Nationwide Mut. Ins. Co. v. Chantos, 21 N.C. App. 129, 130, 203 S.E.2d 421, 423 (1974). “Undoubtedly, Rule 56(e) grants to the trial court wide discretion to permit affidavits to be supplemented or opposed by depositions, answers to interrogatories, or further affidavits. However, this provision presupposes that an affidavit or affidavits have already been served. The rule speaks only of supplementing or opposing.” Id. at 131, 203 S.E.2d at 424.
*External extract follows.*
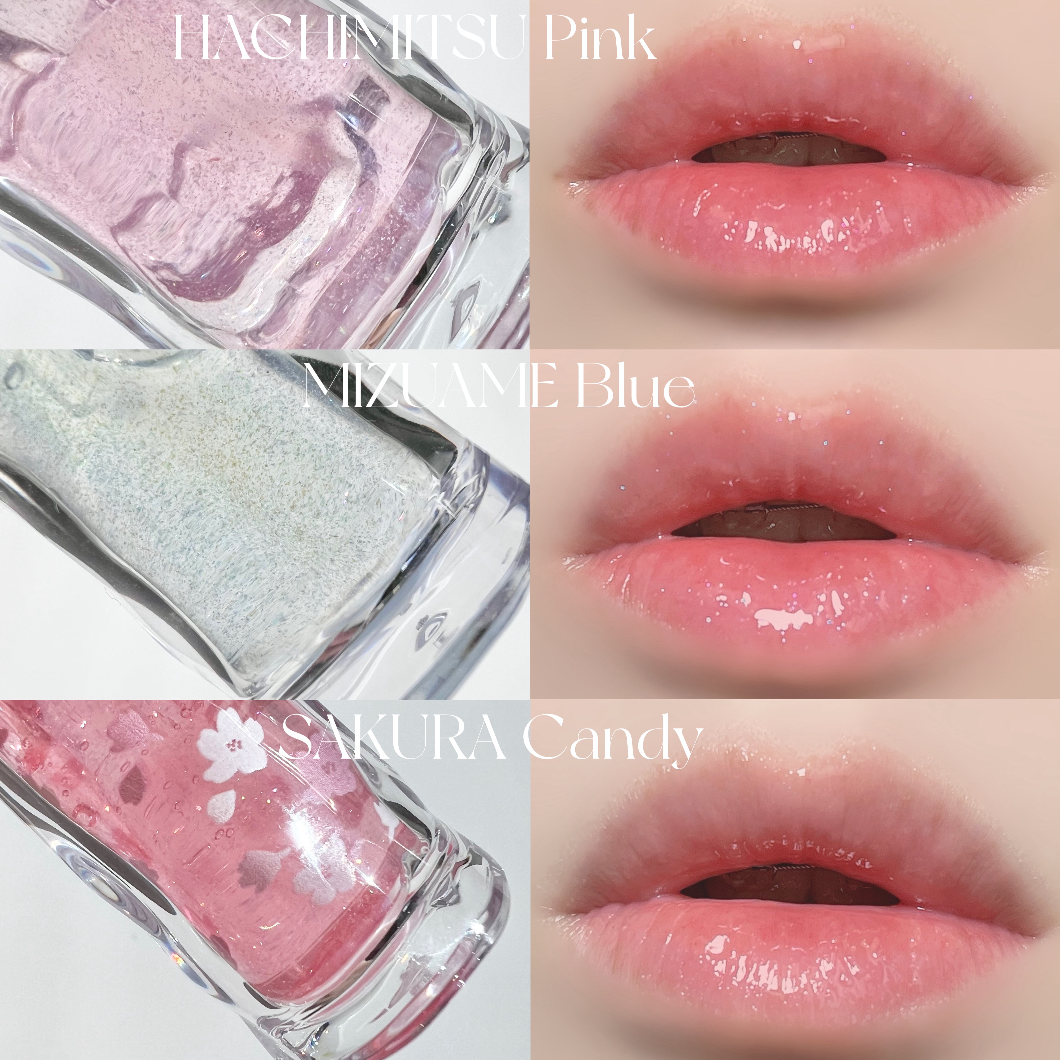 - <01 はちみつピンク> 水添ポリイソブテン、リンゴ酸ジイソステアリル、オクチルドデカノール、トリ(カプリル酸/カプリン酸)グリセリル、リンゴ酸ジイソステアリル、ヒドロキシステアリン酸エチルヘキシル、ジメチルシリル化シリカ、メントキシプロパンジオール、1,2-ヘキサンジオール、パルミチン酸デキストリン、ジブチルラウロイルグルタミド、ジブチルエチルヘキサノイルグルタミド、バニリルブチル、香料、ホウケイ酸(Ca/Al)、酸化チタン、酸化スズ、リンゴ酸ジイソステアリル、青1、赤202、アルガニアスピノサ核油、オリーブ果実油、ヒマシ油、オリーブ油脂肪酸ソルビタン、ヒアルロン酸Na、カプロン酸 <02 みずあめブルー> 水添ポリイソブテン、リンゴ酸ジイソステアリル、オクチルドデカノール、トリ(カプリル酸/カプリン酸)グリセリル、リンゴ酸ジイソステアリル、ヒドロキシステアリン酸エチルヘキシル、ジメチルシリル化シリカ、メントキシプロパンジオール、1,2-ヘキサンジオール、パルミチン酸デキストリン、ジブチルラウロイルグルタミド、ジブチルエチルヘキサノイルグルタミド、香料、バニリルブチル、ホウケイ酸(Ca/Al)、酸化チタン、酸化スズ、リンゴ酸ジイソステアリル、青1、アルガニアスピノサ核油、オリーブ果実油、ヒマシ油、オリーブ油脂肪酸ソルビタン、ヒアルロン酸Na、カプロン酸

Here plaintiff did not attempt to present opposing affidavits until the day of the hearing. In her brief plaintiff argues that she was not required to respond to defendant’s motion for summary judgment until defendant had carried out his burden and the basis for his motion became clear. We find this argument meritless especially in view of the fact that Rule 56 specifically provides that the moving party is required to submit supporting affidavits which would set forth the moving party’s basis for the motion and that opposing affidavits should be filed prior to the day of the hearing. On this record we hold that the trial court did not abuse its discretion in failing to allow plaintiff’s response or include the response in the record on appeal. Likewise, the trial court did not abuse its discretion in excluding the transcript from the record on appeal. Our assessment of the case on this record does not necessitate a copy of the transcript of the hearing. Accordingly, this assignment of error is overruled.
II. DEFENDANT’S APPEAL
Defendant assigns as error the trial court’s denial of its motion to dismiss plaintiff’s appeal for failure of the plaintiff to serve the proposed record on appeal within the time allowed by Rule 11(b) and assigns as error the trial court’s failure to dismiss plaintiff’s appeal for plaintiff’s inclusion of paperwritings in the proposed record on appeal which were not before the court at the time of the entry of summary judgment and plaintiff’s failure to include the complete order of the Board in the proposed record.
*128While we have considered defendant’s assignments of error, we find it unnecessary to address defendant’s appeal since we have affirmed the trial court’s grant of summary judgment in defendant’s favor in plaintiff’s appeal.
The decision of the trial court is affirmed.
Affirmed
Judge GREENE concurs with separate opinion.
Judge Phillips concurs in the result only.